Synchrony Financial (SYF 5.10%) is keeping its dividend level. The company announced after market hours on Tuesday that it will again pay a quarterly common-stock dividend of $0.22 per share, matching the last six disbursements. The upcoming dividend is to be handed out on Feb. 16 to investors of record as of Feb. 5.
At the current stock price, it would yield just under 2.6%.
Also, Synchrony is launching a new $1.6 billion share repurchase program for 2021. The initiative will run through Dec. 31 of this year. Using the typical boilerplate language of such programs, the company said that it "expects to repurchase shares from time to time subject to the company's repurchase program limit, its capital plan, market conditions and other factors, including regulatory restrictions and required approvals, if any."
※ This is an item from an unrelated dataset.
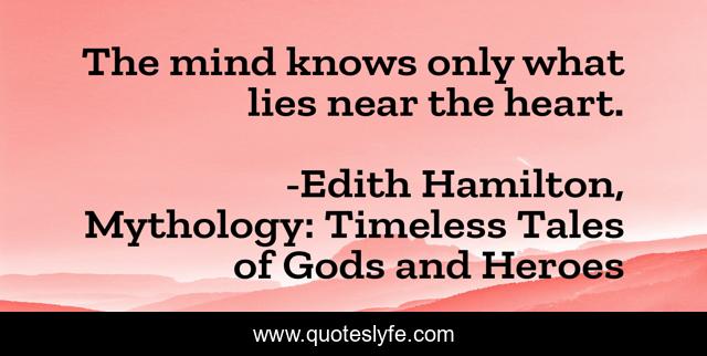 This page presents the quote "The mind knows only what lies near the heart.". Author of this quote is Edith Hamilton, Mythology: Timeless Tales of Gods and Heroes. This quote is about heart, mind,.

Synchrony, which specializes in managing store-brand credit cards and associated products, has had its challenges lately.
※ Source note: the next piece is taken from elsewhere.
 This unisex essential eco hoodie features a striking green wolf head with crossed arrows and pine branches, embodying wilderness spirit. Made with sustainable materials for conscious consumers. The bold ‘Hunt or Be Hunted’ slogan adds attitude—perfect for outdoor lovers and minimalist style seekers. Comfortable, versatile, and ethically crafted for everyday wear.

As a financial services company closely tied to the retail industry, it has had to contend with potentially sharp rises in loan defaults due to the economic damage caused by the pandemic. Meanwhile, since it operates in the retail sphere, it is directly exposed to the pandemic-related downturns in that sector.
Given those storms, Synchrony has actually done a decent job keeping its head above water. This is reflected in the steadiness of the dividend, and the fact that the company has a relatively high cash pile with which to buy back its own shares.
In late afternoon trading on Wednesday, however, Synchrony stock was essentially moving along with the S&P 500 index, with the shares down by 2.8%.